Following the path he had trodden with Vox, Jennings also offered a line of electronic organs, electronic rhythm and percussion units, guitars, and PA amps, but somehow the magic was no longer working. Nonetheless, by 1974 the company had a full line of amps, ranging from 15-watt combos to 200-watt heads for guitar and bass, with cabs to match.
Jennings did not manufacture solely at the famous Dartford factory, however, because in common with Selmer, Vamp, Sound City, and (ironically) Vox, some manufacturing was undertaken for all these makers by Triumph amplification in Croydon, south London, which briefly offered its own line of all-solid-state amps in the late '60s and early '70s.
In need of a new look, in 1973 Jennings adopted a new JEI logo on purple-finished amps and cabs. Given the current craze for modeling and its demands for FRFR amps (Full Range, Flat Response), it's fascinating to note that JEI actually launched its "Flat Response" FR50 and FR100 amps—45 years too early, but a good try. Sadly, by 1975, JEI was gone, but not without having made many interesting and now pretty scarce amps. A tube AC40 today would be a very good find.
Stewart Ward is one of the few in the music industry who can genuinely claim to have once been a rocket scientist. This may account for the startling trajectory of his Session amplifiers business, which sprang to life in 1979 with the all-tube 15:30 combo. It was a fine amp and soon earned a serious following, with users including Geoff Whitehorn (Roger Chapman's Shortlist) and Martin Barre (Jethro Tull).

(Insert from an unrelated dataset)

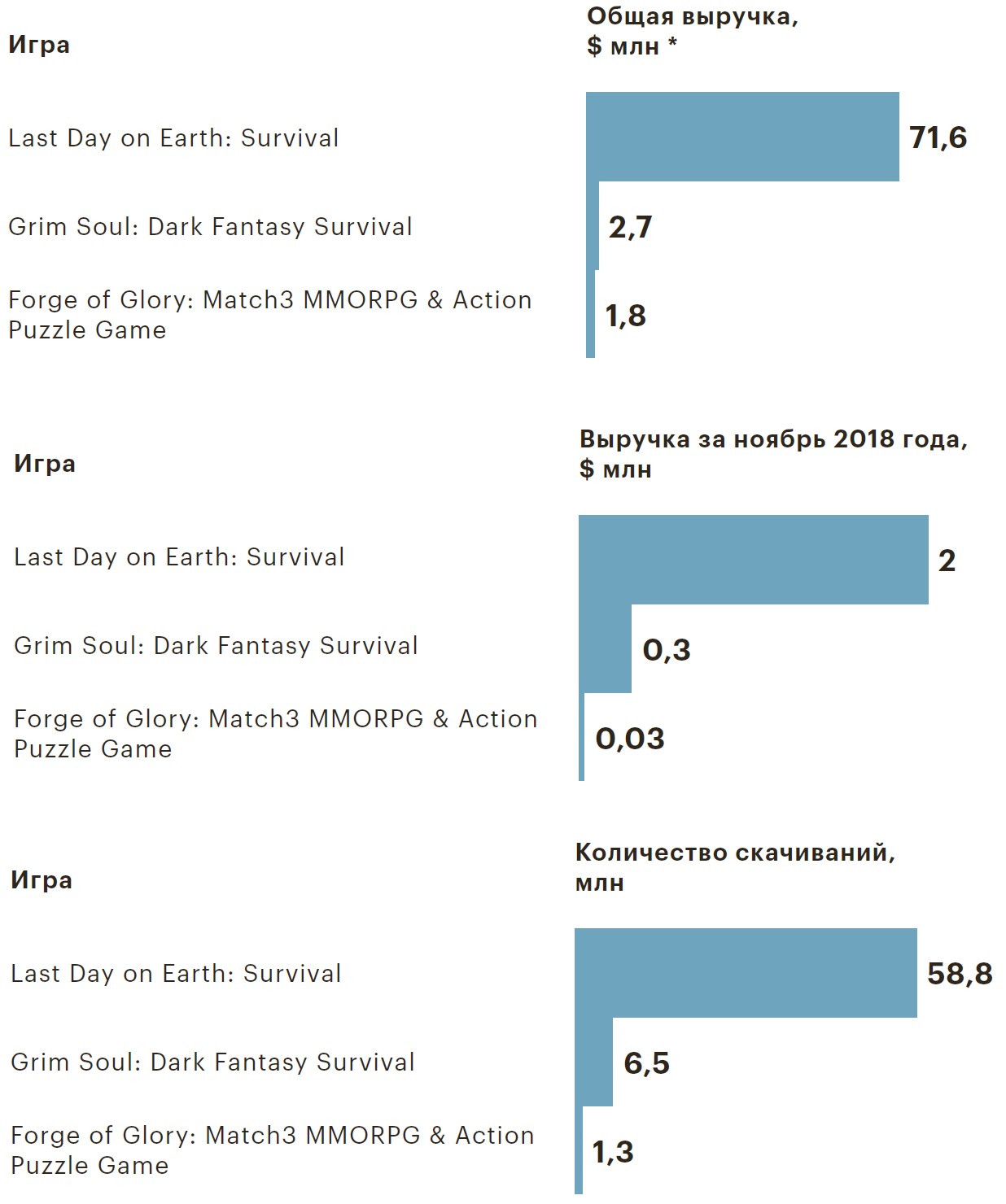 Но большой успех пришел лишь со второй мобильной игрой: Last Day on Earth, релиз которой состоялся в мае 2017 года, за полтора года с учетом доходов от рекламы принесла «Кефиру» более $150 млн. В июне 2018-го у компании появилась еще одна игра в том же жанре — Grim Soul: Survival, но побить показатели Last Day ей не удалось (см. инфографику).

Anyone but Ward would have been satisfied with that and gone on to make more tube amps. Instead, his next product was the entirely solid-state Sessionette, launched in 1981 and still the amp for which Session is best known. Against all the odds, and just when tubes seemed completely dominant in the guitar amp market, Ward claimed his new Sessionette:75 sounded as good as a tube amp, ran cooler, would last longer, and would generally outperform anything comparable on the market. Many came to agree with him, and over 50,000 Sessionettes were produced through the '80s.
The Sessionettes came in 1x12, 2x10, 2x12, and 1x15 versions, and despite the lack of tubes, many hard rock and blues players came to love them. Ward maintained (and still does) that there is nothing a tube can do that can't be equalled or bettered with modern solid-state technology, and he can still be found fighting his corner on social media.
In 1988, Ward closed Session, frustrated with the instrument business despite his success. Nine years later, however, he revived the company in a smaller, more bespoke form. Still in business today as Award–Session, Stewart Ward has produced many other amps—the Rockette is much loved, as is the BluesBaby—and a host of other products, including recording preamps and direct boxes.
Importantly, given the problems players often encounter when trying to keep older solid-state amps serviceable, Award–Session not only repairs original Sessionettes and Ward's other products, but also updates and upgrades them, making any Award–Session amp a safe buy.